Consistent Responses
BananaJS enforces a single response contract across every handler. Every response — success or error — shares the same envelope, so clients parse responses the same way regardless of route.
The envelope
All responses carry three fields:
typescript
{
statusCode: 'success' | 'error' // always present
status: number // HTTP status code
message: string // human-readable label
data?: T // success only; omitted on errors
}Undefined fields are stripped before sending, so error responses never have a data key in the JSON.
Success responses
Via BaseController.ok()
The preferred path. Extend BaseController and call this.ok(res, message, data) from any handler:
typescript
import { Controller, Get, BaseController } from '@banana-universe/bananajs'
import type { Request, Response } from 'express'
@Controller('users')
export class UserController extends BaseController {
@Get(':id')
async getOne(req: Request, res: Response) {
const user = await UserService.findById(req.params.id)
return this.ok(res, 'User fetched', user)
}
}The signature:
typescript
protected ok<T>(res: Response, message: string, data: T): ResponseJSON output:
json
{
"statusCode": "success",
"status": 200,
"message": "User fetched",
"data": { "id": "1", "name": "Alice" }
}Via SuccessResponse directly
When you need more control (custom headers, use outside a BaseController):
typescript
import { SuccessResponse } from '@banana-universe/bananajs'
new SuccessResponse('Export ready', { fileId: 'abc' }).send(res, {
'x-export-id': 'abc',
})send(res, headers?) accepts an optional { [key: string]: string } headers map.
Paginated responses
PaginatedResponse<T> extends SuccessResponse<T> and adds pagination metadata.
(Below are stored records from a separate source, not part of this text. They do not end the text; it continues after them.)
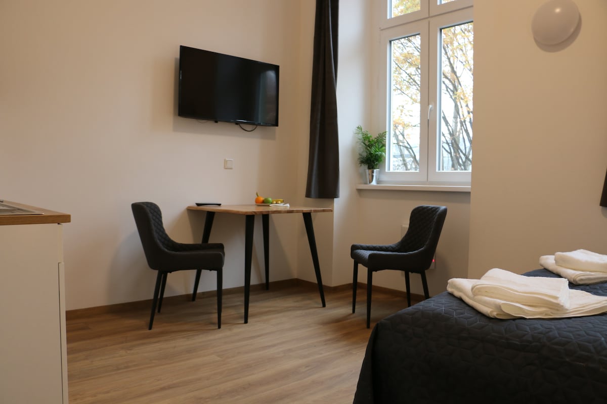 Apartamento luminoso reformado con una ubicación céntrica. El apartamento ofrece una muy buena opción para viajeros de negocios, así como para un agradable viaje a la ciudad. En pocos minutos se puede llegar desde el apartamento al teatro musical, al Jardín Botánico, a la catedral de María y a la calle principal. Después de un día agotador, el parque cercano te invita a relajarte y encontrar la paz. El transporte público se encuentra a 5-10 minutos a pie. La estación central de trenes está a 650 m.
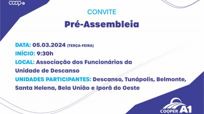 O mês inicia com a pré assembleia de líderes cooperados que ocorre no dia 4 de março na Associação dos Funcionários de Palmitos às 9 horas, o almoço será servido no local. Já as pré assembleias para cooperados seguem o seguinte cronograma:
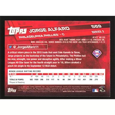 This is a 2017 Topps Jorge Alfaro baseball card. The card is #569 and pictures show condition.
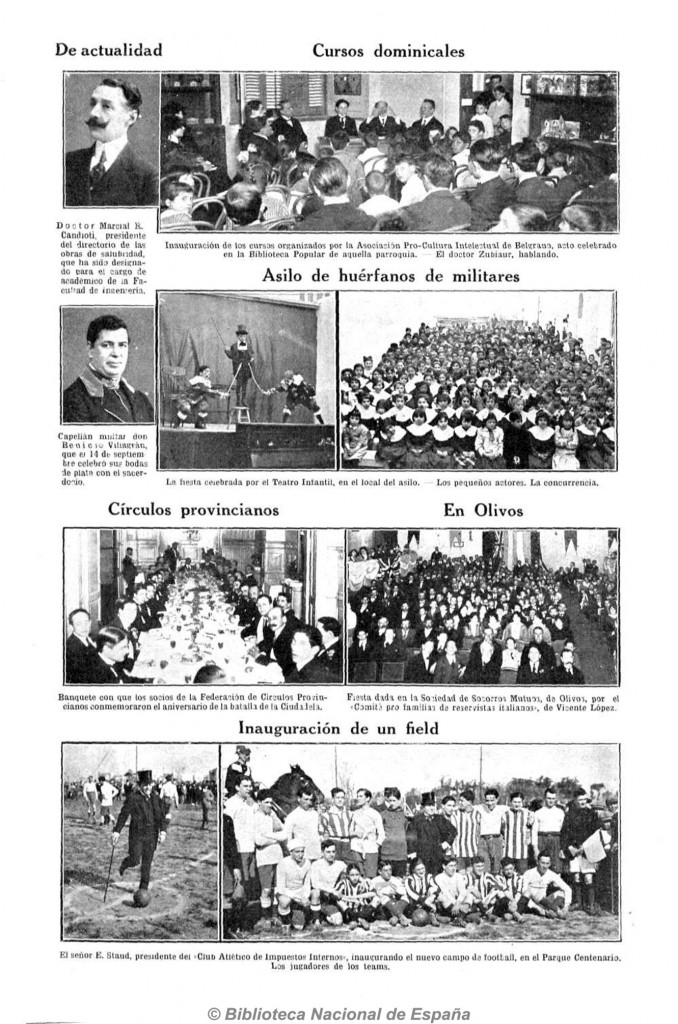 Fiesta organizada por el Comité pro familias de reservistas italianos de Vicente López en la Sociedad de Socorros Mutuos de Olivos. La imagen fue publicada en la revista Caras y Caretas N.º 887, página 67.
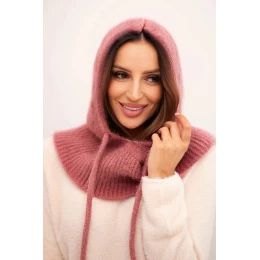 Dámská čepice s kapucí a pleteným vzorem tmavě růžová
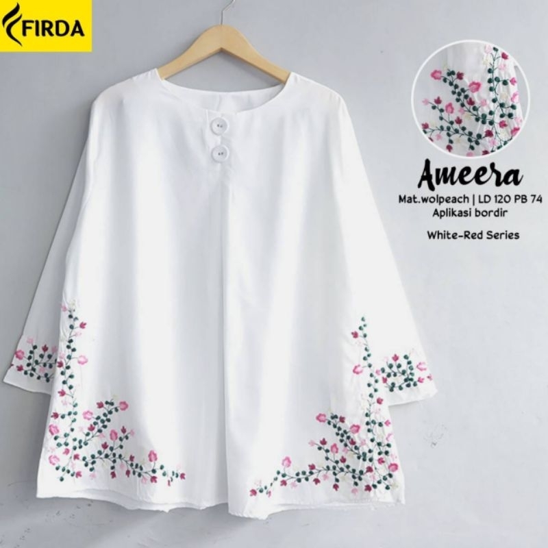 Kemeja Blouse katun wanita cantik Motif Bordir Bunga premium Atasan Putih halus lembut mewah Alysa

Use it when returning list endpoints that support offset or cursor pagination. The shape and status code are identical to a plain success response — clients see the same outer envelope, with pagination fields appended inside data (or alongside it, depending on your list handler).
Error responses
Throw a typed error class
Throw any ApiError subclass from a handler. The ErrorMiddleware catches it and calls ApiError.handle() to produce the right response shape — you never call res.status().json() manually.
typescript
import { Controller, Get, BaseController, NotFoundError } from '@banana-universe/bananajs'
import type { Request, Response } from 'express'
@Controller('users')
export class UserController extends BaseController {
@Get(':id')
async getOne(req: Request, res: Response) {
const user = await UserService.findById(req.params.id)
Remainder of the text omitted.